In order to authenticate to get a valid token, we need:
- The Service Principal Client ID / Application ID
- The Service Principal Secret
- The Tenant ID
And using all of that, we can construct the request to retrieve an access token:
import requests
sp_client_id = mssparkutils.credentials.getSecretWithLS("KeyVaultLinkedService", "ServicePrincipalClientId")
sp_secret = mssparkutils.credentials.getSecretWithLS("KeyVaultLinkedService", "ServicePrincipalSecret")
tenant_id = mssparkutils.credentials.getSecretWithLS("KeyVaultLinkedService", "TenantId")
# The scope of your application
scope = "https://graph.microsoft.com/.default"
# The endpoint to get a token
token_url = f"https://login.microsoftonline.com/{tenant_id}/oauth2/v2.0/token"
# The data to send in the token request
token_data = {
"client_id": sp_client_id,
"client_secret": sp_secret,
"scope": scope,
"grant_type": "client_credentials"
}
response = requests.post(token_url, data=token_data)
response.raise_for_status() # Raise an exception if the request failed
token = response.json()["access_token"]
Get the SharePoint Drive Id for the SharePoint site
Now that we can authenticate, the process is essentially the same as it was for the previous pipeline-based approach, except we're issuing requests to the Graph API in Python code, rather than using Web Activities.
Firstly, we need the SharePoint Drive ID, which we retrieve from the Graph API using the details of the SharePoint site:
sharepoint_tenant_fqdn = "your-domain.sharepoint.com"
sharepoint_site_name = "site-name"
library_name = "library-name" # e.g.

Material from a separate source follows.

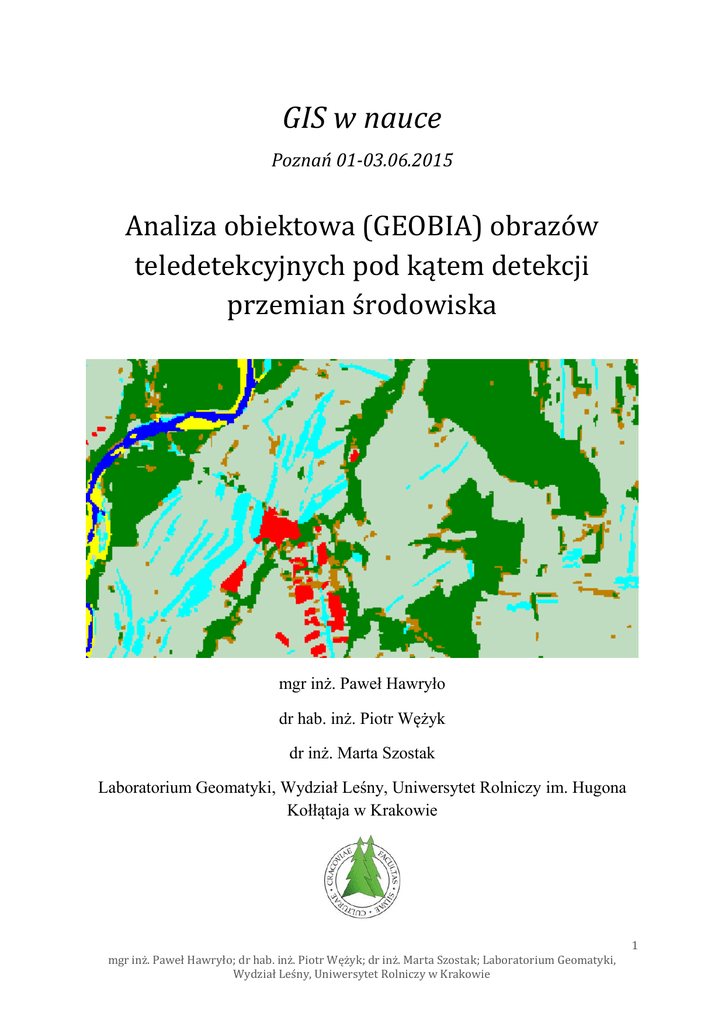 GIS w nauce Poznań 01-03.06.2015 Analiza obiektowa (GEOBIA) obrazów teledetekcyjnych pod kątem detekcji przemian środowiska mgr inż. Paweł Hawryło dr hab. inż. Piotr Wężyk dr inż. Marta Szostak Laboratorium Geomatyki, Wydział Leśny, Uniwersytet Rolniczy im. Hugona Kołłątaja w Krakowie mgr inż. Paweł Hawryło; dr hab. inż. Piotr Wężyk; dr inż. Marta Szostak; Laboratorium Geomatyki, Wydział Leśny, Uniwersytet Rolniczy w Krakowie 1 1. Wstęp Celem warsztatów jest poznanie podstaw klasyfikacji obiektowej w oprogramowaniu eCognition Developer. Wykorzystane zostaną dane wieloźródłowe: zobrazowanie satelitarne systemu BlackBridge RapidEye, znormalizowany Numeryczny Model Pokrycia Terenu wygenerowany z chmury punktów ALS oraz warstwa wektorowa budynków pozyskana z Open Street Map. Klasyfikacja zostanie przeprowadzona w oprogramowaniu eCognition Developer 8.7 Trial firmy Trimble. Klasyfikacja ma na celu wyróżnienie następujących klas: a) b) c) d) e) f) g) 2. Woda Tereny nadrzeczne Zabudowa Lasy Sukcesja leśna Roślinność niska Tereny pozbawione roślinności Przygotowanie środowiska pracy Skopiuj dane potrzebne do wykonania ćwiczenia do swojego katalogu roboczego na dysku lokalnym. Nie stosuj polskich znaków oraz spacji w nazwach tworzonych folderów. Dane wejściowe znajdują się w folderze Warsztaty_GEOBIA: RapidEye_2011_08_11_AOI.img, ndsm.img, Budynki_OSM.shp. 3. Podstawowe komponenty interfejsu programu Rycina 1 przedstawia układ podstawowych komponentów interfejsu programu: 1) Główne okno robocze programu. Tutaj wyświetlane będą dane oraz wyniki analiz; 2) Process tree - w tym miejscu konstruowany będzie zbiór reguł klasyfikacyjnych, w formie (dosłownie) drzewa procesów, odpowiadających za przetwarzanie danych; 3) Image Object Information - tutaj wyświetlane będą informacje na temat wyselekcjonowanych obiektów lub wartości zdefiniowanych zmiennych; 4) Class Hierarchy - zarządzanie klasami 5) Feature View - przeglądanie, tworzenie nowych lub modyfikacja istniejących cech (właściwości) obiektów dostępnych w procesie klasyfikacji. mgr inż. Paweł Hawryło; dr hab. inż. Piotr Wężyk; dr inż. Marta Szostak; Laboratorium Geomatyki, Wydział Leśny, Uniwersytet Rolniczy w Krakowie 2 Ryc. 1. Interfejs oprogramowania eCognition Developer 4. Tworzenie reguł klasyfikacyjnych Analizy przeprowadzane w oprogramowaniu eCognition Developer budowane są z pojedynczych algorytmów segmentacji, klasyfikacji, modyfikacji kształtu, łączenia obiektów i innych procesów. Algorytmy te przeplatają się ze sobą i choć można stwierdzić, iż klasyfikacja jest zawsze poprzedzona segmentacją, to niejednokrotnie segmentacja dotyczy sklasyfikowanych uprzednio obiektów. Należy również pamiętać, iż sam proces segmentacji często jest wieloetapowy, gdyż bardzo rzadko udaje się tak dobrać parametry segmentacji, aby były optymalne dla każdej z klas pokrycia terenu. Sekwencje różnych algorytmów tworzą tzw. reguły klasyfikacyjne (ang. rule set). 5. Cechy obiektów Podczas tworzenia reguł klasyfikacyjnych operator wykorzystuje cechy dostępne w oknie Feature View. Cechy te podzielone są na kilka kategorii. Podczas warsztatów wykorzystywane będą cechy odnoszące się do obiektów z dwóch pierwszych kategorii, tj. Object Features oraz Class-Related features. 6. Budowa okna pojedynczego algorytmu (procesu) Chociaż w programie dostępnych jest bardzo wiele algorytmów przeznaczonych do bardzo różnych celów, okna tych algorytmów charakteryzują się pewnymi wspólnymi cechami. Poniżej przedstawiono budowę okna algorytmu segmentacji Multiresolution segmentation. Okno każdego algorytmu podzielone jest w pierwszej kolejności na dwie części - lewą, w której dokonujemy wyboru algorytmu (Algorithm) oraz prawą, gdzie w zależności od wybranego algorytmu pojawiają się jego parametry (Parameter), które mogą być mgr inż. Paweł Hawryło; dr hab. inż. Piotr Wężyk; dr inż. Marta Szostak; Laboratorium Geomatyki, Wydział Leśny, Uniwersytet Rolniczy w Krakowie 3 modyfikowane przez użytkownika. W lewej części znajduje się również bardzo ważna zakładka Image Object Domain, przy użyciu której użytkownik definiuje dziedzinę działania algorytmu. Ryc. 2. Budowa okna pojedynczego algorytmu na przykładzie algorytmu Multiresolution segmentation. 7. Klasyfikacja obiektowa Poniżej przedstawiono kolejne operacje, które należy wykonać w celu przeprowadzenia klasyfikacji wybranego fragmentu terenu z okolic Nowego Targu: A. Założenie projektu: Kierując się wskazówkami instruktora załóż nowy projekt (File/New Project) stosując następującą kolejność oraz aliasy: nDSM; dla kanałów obrazu RapidEye: RE_NIR, RE_red, RE_green, RE_red-edge, RE_blue; Budynki_OSM. B. Segmentacja: Wykonaj segmentację obrazu przy użyciu algorytmu Multiresolution segmentation stosując następujące wartości parametrów: Level name=Level_1, Scale parameter=100, Shape=0.2, Compactness=0.5, wagi dla warstw - nDSM oraz RE_NIR=2, pozostałe kanały =1. Zmodyfikuj granice otrzymanych segmentów algorytmem spectral difference segmentation: Maximum spectra difference=150 mgr inż. Paweł Hawryło; dr hab. inż. Piotr Wężyk; dr inż. Marta Szostak; Laboratorium Geomatyki, Wydział Leśny, Uniwersytet Rolniczy w Krakowie 4 C. Klasyfikacja: Woda: Obiekty niesklasyfikowane o wartości cechy Mean RE_NIR < 3800 zaklasyfikuj do klasy Woda (Assign class), Utwórz warstwę indeksu roślinności NDVI przy użyciu algorytmu layer arithmetics: Output value: "(RE_NIR-RE_red)/(RE_NIR+RE_red)", Output layer:NDVI, Output layer type: 3Bit float Obiekty z klasy Woda o wartości cechy Mean NDVI >=0.05 zaklasyfikuj do klasy Unclassified (Assign class), Połącz obiekty z klasy Woda (Merge region), Obiekty z klasy Woda o wysokości Mean nDSM>=1 m zaklasyfikuj do klasy Unclassified (Assign class), Obiekty z klasy Woda o powierzchni mniejszej niż 1000 p

Shared%20Documents
web_url = f"https://{sharepoint_tenant_fqdn}/sites/{sharepoint_site_name}/{library_name}"
headers = {
"Accept": "application/json",
"Content-Type": "application/json; charset=utf-8",
"Authorization": f"Bearer {token}"
}
# Get drives for site
list_drives_request_url = f"https://graph.microsoft.com/v1.0/sites/{sharepoint_tenant_fqdn}:/sites/{sharepoint_site_name}:/drives"
list_drives_response = requests.get(list_drives_request_url, headers=headers)

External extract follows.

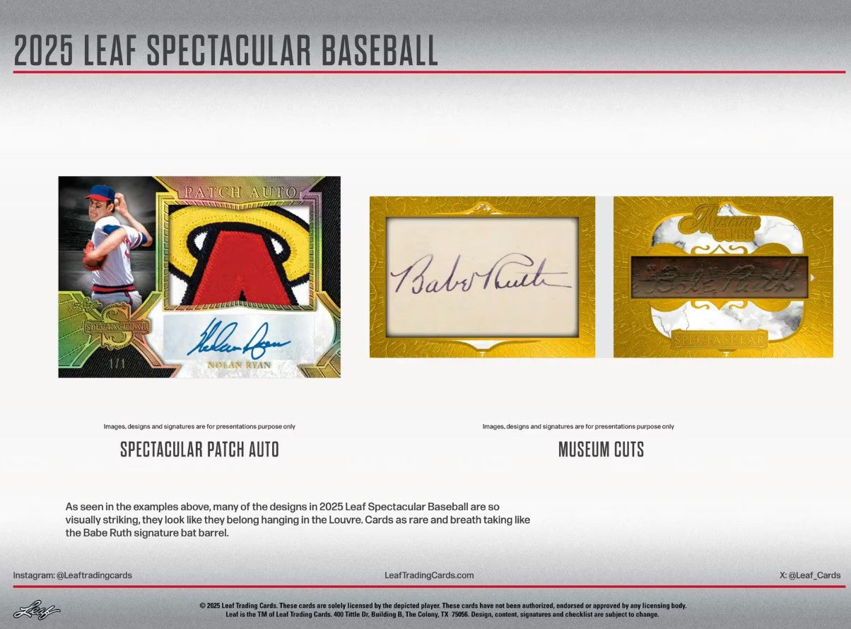 As seen in the examples above, many of the designs in 2025 Leaf Spectacular Baseball are so visually striking, they look like they belong hanging in the Louvre. Cards as rare and breath taking like the Babe Ruth signature bat barrel.
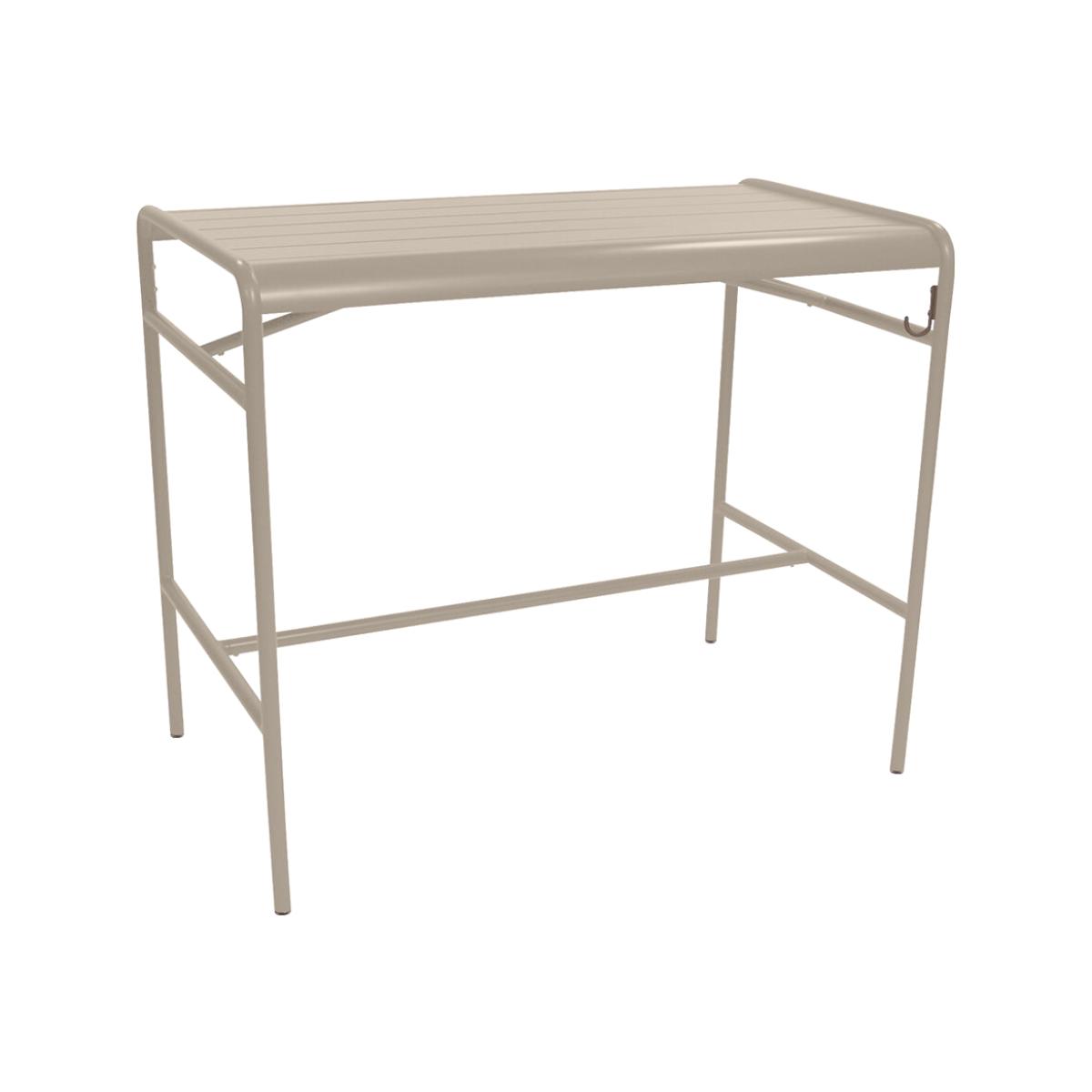 Enjoy drinks in the garden with this Luxembourg bar table from Fermob. Crafted from aluminium and available in an array of charming colours, this modern bar table features two hanging hooks and a comfortable foot rest. Style with the Luxembourg bar stool to complete the look. Key features: * Material: aluminium * Dimensions: H104xL126xW73cm * Warm grey colour * With 2 handbag hooks * And a cross-piece for footrest * Aluminium tubular frame * High protection treatment for outdoor use * Anti-UV powder coating * Designed by Frédéric Sofia * Suitable for indoor and outdoor use

list_drives_response.raise_for_status() # Raise an exception if the request failed
# Find drive that matches on web URL
drive_id = next((d["id"] for d in list_drives_response.json()["value"] if d["webUrl"] == web_url))
Get Download URL property of the file in SharePoint
Once we have the Drive ID, we can query for a specific file and retrieve the same pre-authorised Download URL:
file_name = "name-of-file"
url = f"https://graph.microsoft.com/v1.0/drives/{drive_id}/root:/{file_name}?select=@microsoft.graph.downloadUrl"
response = requests.get(url, headers=headers)
response.raise_for_status()
download_url = response.json()["@microsoft.graph.downloadUrl"]
Read the contents of the file in SharePoint using Pandas
And that Download URL can be passed directly into a read_csv
or read_excel
call in Pandas, depending on the specifics of the file that you're accessing. Because it's pre-authorised, you don't need to deal with authentication:
df = pd.read_csv(
download_url
)
Summary
Whilst ingesting data from files in SharePoint is a very common requirement in most of the data projects we deliver, there's no out-the-box support inside Synapse. This post and the code samples within demonstrate how to authenticate and query files using Python code running in a PySpark Notebook.
In the few next posts, I'll take what we've learned so far and see how it can be applied to write structured data back to SharePoint, as well as translating the same requirements in to Microsoft Fabric.